Among the challenges for the creative writer is the need to use English language with the same felicity and authenticity with which the Bhasha writers use their vernaculars. No amount of humanistic concern can evolve without the use of a language that makes genuine human speech resonate with the truly human thought. In this era of globalization, it is perhaps a unique phenomenon to see the underlying unity running through the literary productions of diverse nations and cultures.

Literature (or Literatures), therefore, must fruitfully visualize and recognize the social, psychological and humanistic needs of the free and equal partnership of people working together for the common good characterized by tolerance, respect for freedom, compassion and progressive democracy. The margin/centre binaries need to be explored to create a more equitable society.

From the above discussion about the impact of literature in shaping sensibilities and approaches to life in different times, climes and spaces, I find it pertinent to share with my young friends here my unforgettable meeting and conversation with two-time Pulitzer Prize winner, August Wilson, during my Fulbright Fellowship year at the University of Washington, Seattle. When I asked Wilson about his ‘drop-out’ experience at Gladstone school that had brought an end to his formal education, he wistfully responded: 

Yes. It was at Gladstone High School … when our history teacher asked us to write a paper on a historical personage. I chose Napoleon because Napoleon had always fascinated me as a self-made emperor. I prepared a twenty-page paper and titled it “Napoleon’s Will to Power.” My teacher refused to believe I had written the paper. I showed him the bibliography and the footnotes but he wasn’t convinced. He gave me a failing grade ‘E’ on the paper. I tore the paper up and threw it in the wastebasket and walked out of school. (Ghosh 2005: 24)

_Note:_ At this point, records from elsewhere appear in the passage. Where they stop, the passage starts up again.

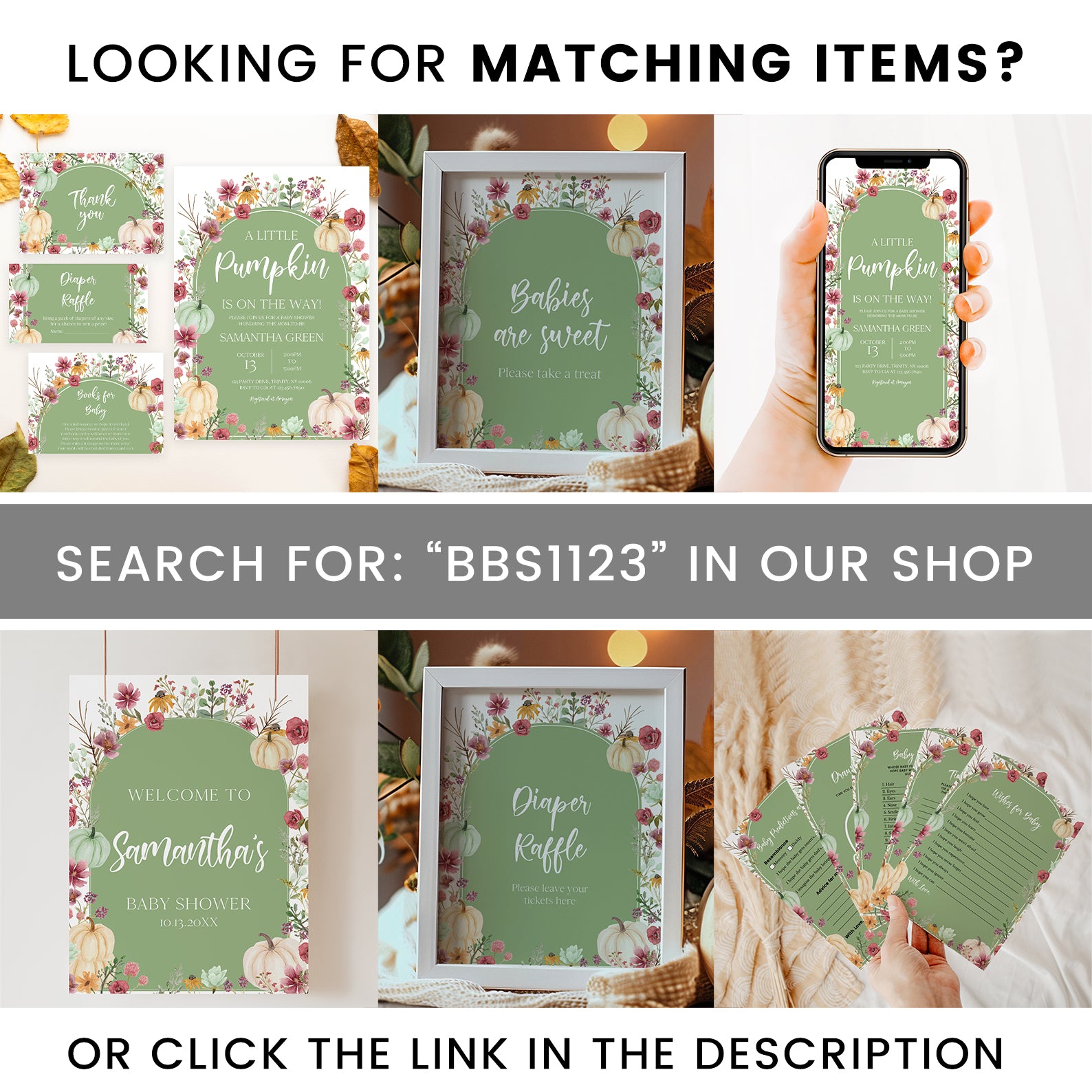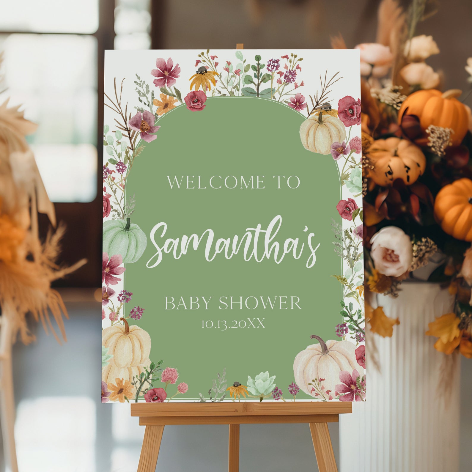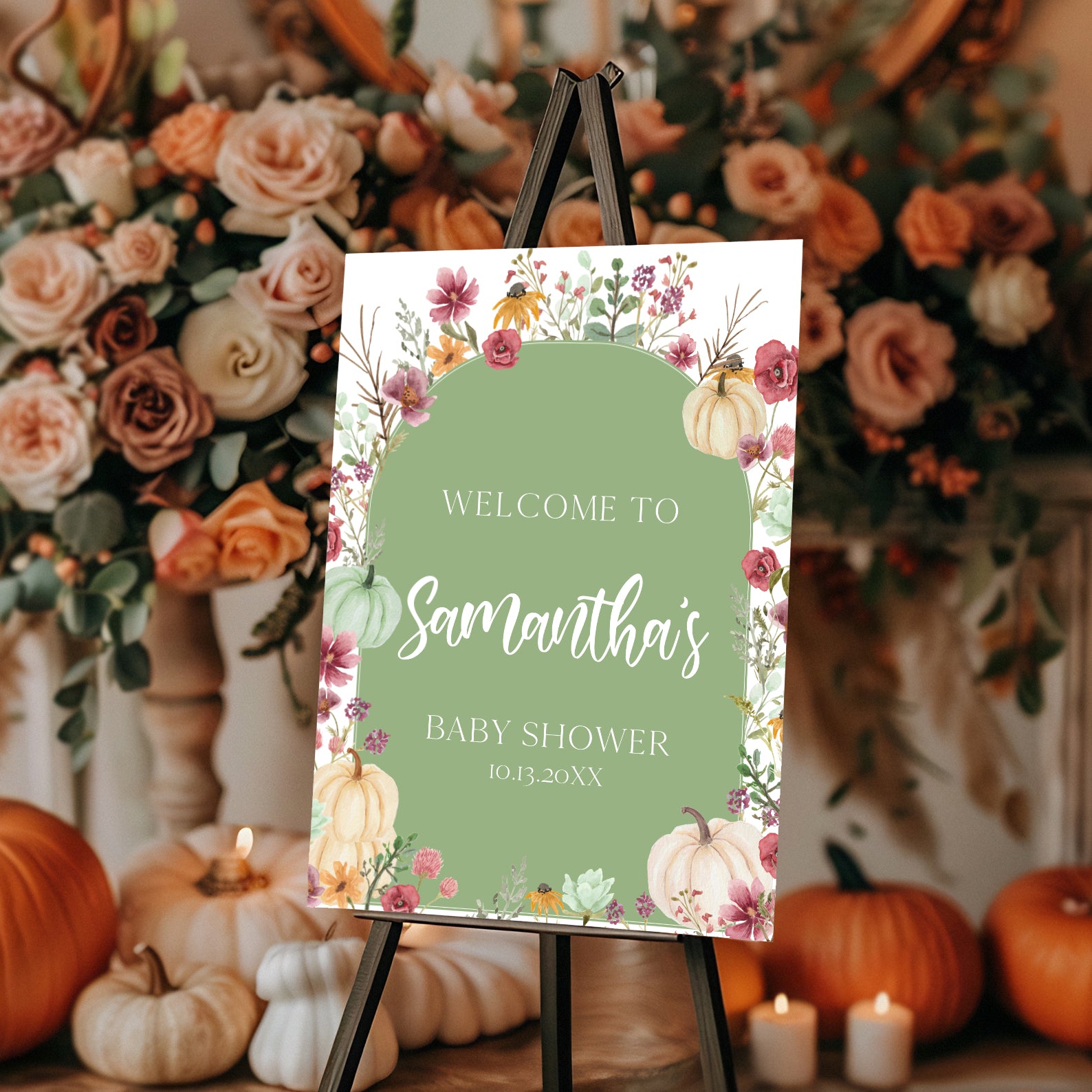 - Purchase this Fall Baby Shower Green Welcome Sign: Pumpkin & Wildflowers Arch template
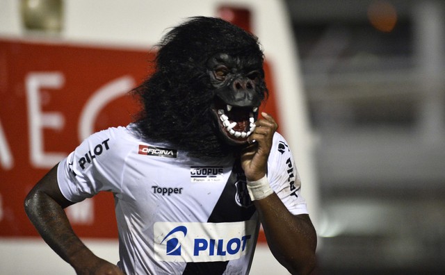 Thalles com a tradicional máscara de gorila na comemoração do gol no dérbi |
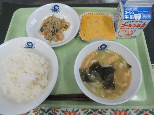 ・牛乳 ・ご飯 ・和風卵焼き ・もやしのごま和え ・玉ねぎと油揚げのみそ汁
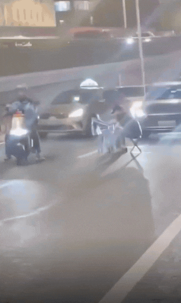 这世道,永远不缺奇葩! 视频中,夜晚的城市主干道车流量很大,可一位男子却端来两
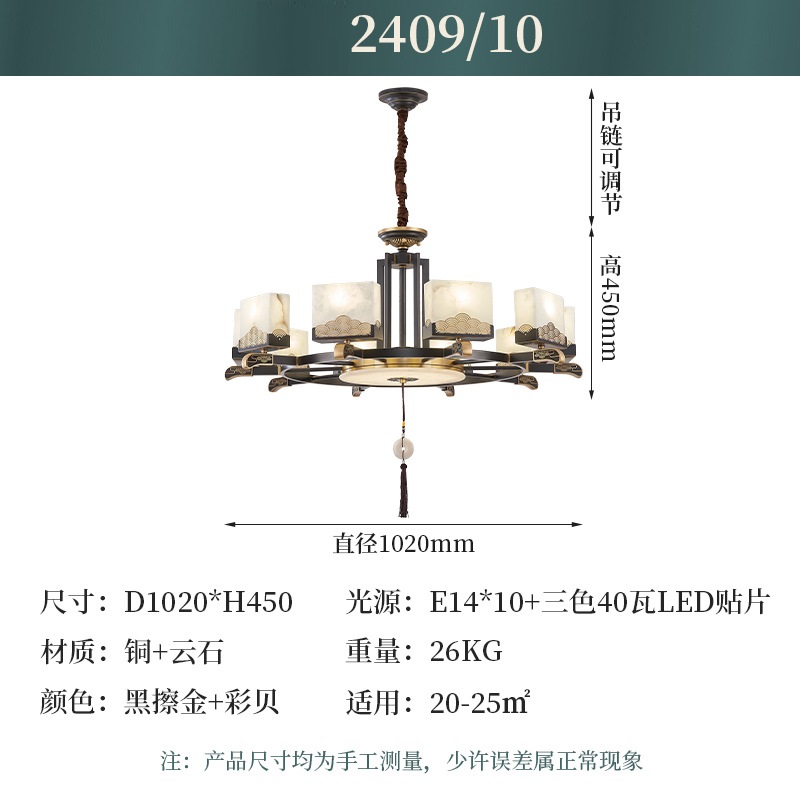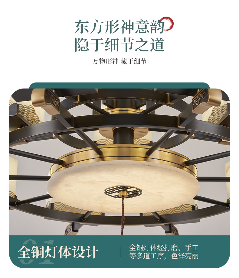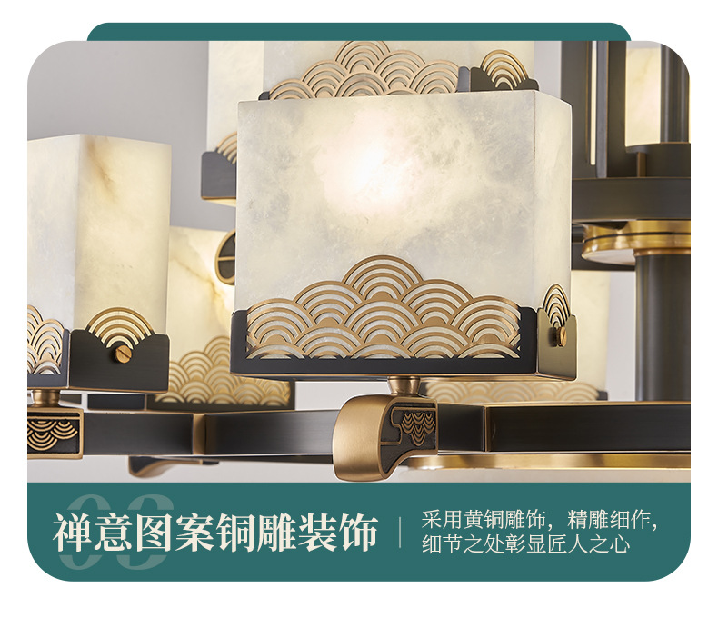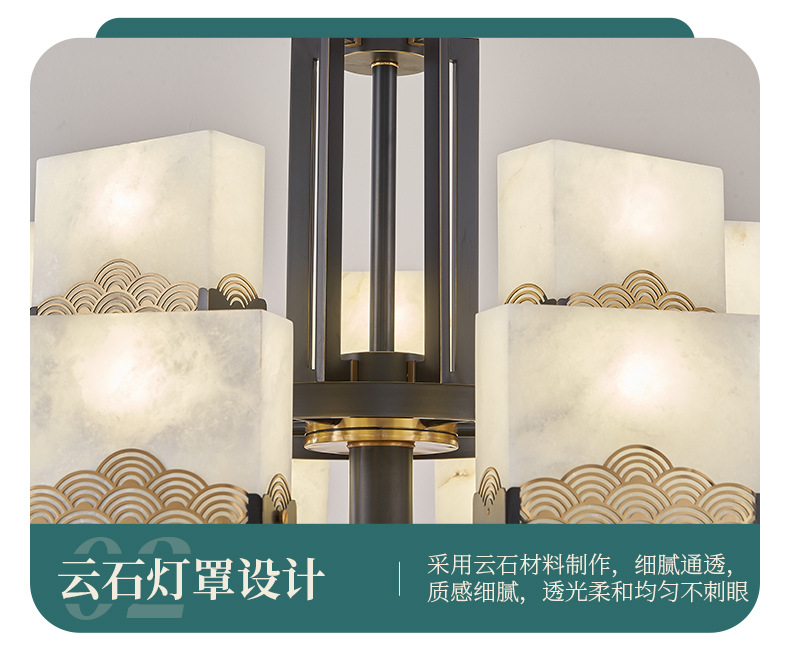 灯具材质:优质铜材+西班牙进口天然云石A料
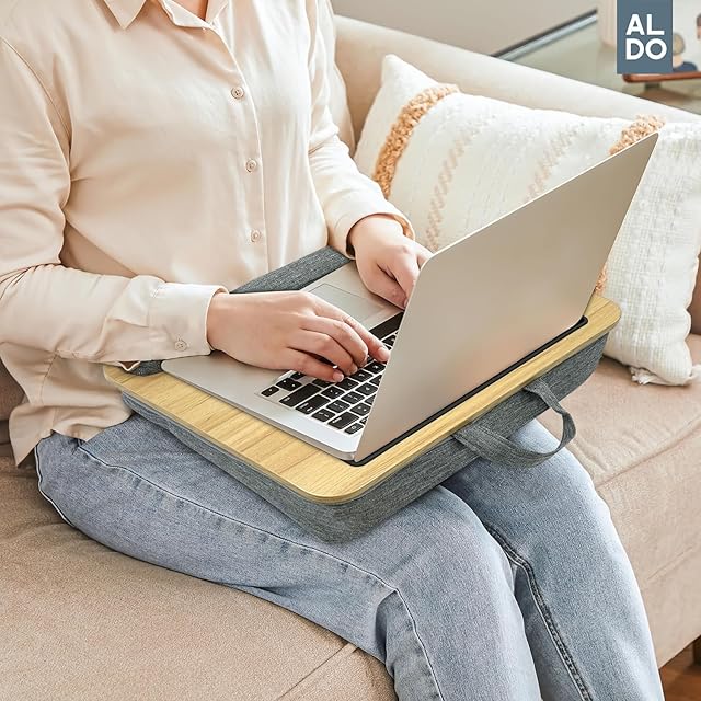 トレードワン(TRADE ONE) 膝上テーブル テーブルクッション タブレットスタンド付き ノートパソコン コンパクト 幅40×奥行32×高さ5cm PCスタンド ドリンクホルダー付き 持ち運び便利 グレー 30744 | AVENIR
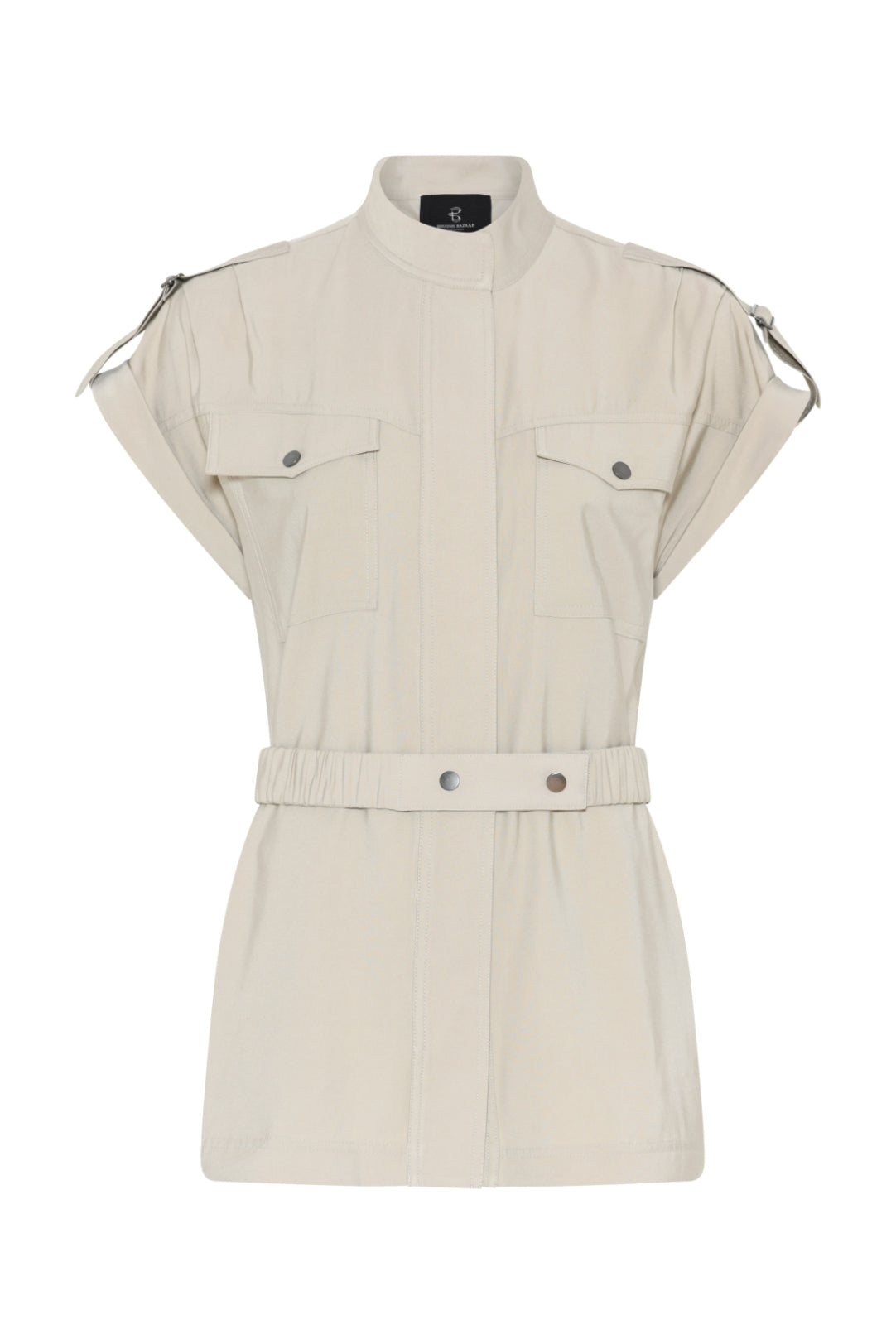 Utility-inspired shirt with a modern and sophisticated expression, designed with chest pockets, elastic belt, and shoulder details. The shirt accentuates your waist with a belt and provides a structured look.

August Wilson admitted that the abrupt end of his formal education could not keep him away from his passion for reading. Inspired by his mother, August learned to read at the age of four and had his first library card when he was only five years old. His favourite haunt after he dropped out of school was the Carnegie Public Library where, through avid reading of works by black authors, he discovered the joy and terror of remaking the world in his own image through the act of writing. He recalled how his mother had so much wanted him to become a lawyer and added that, had she been alive, she would have been truly proud of her unschooled son being conferred with honorary degrees from numerous US universities including Harvard.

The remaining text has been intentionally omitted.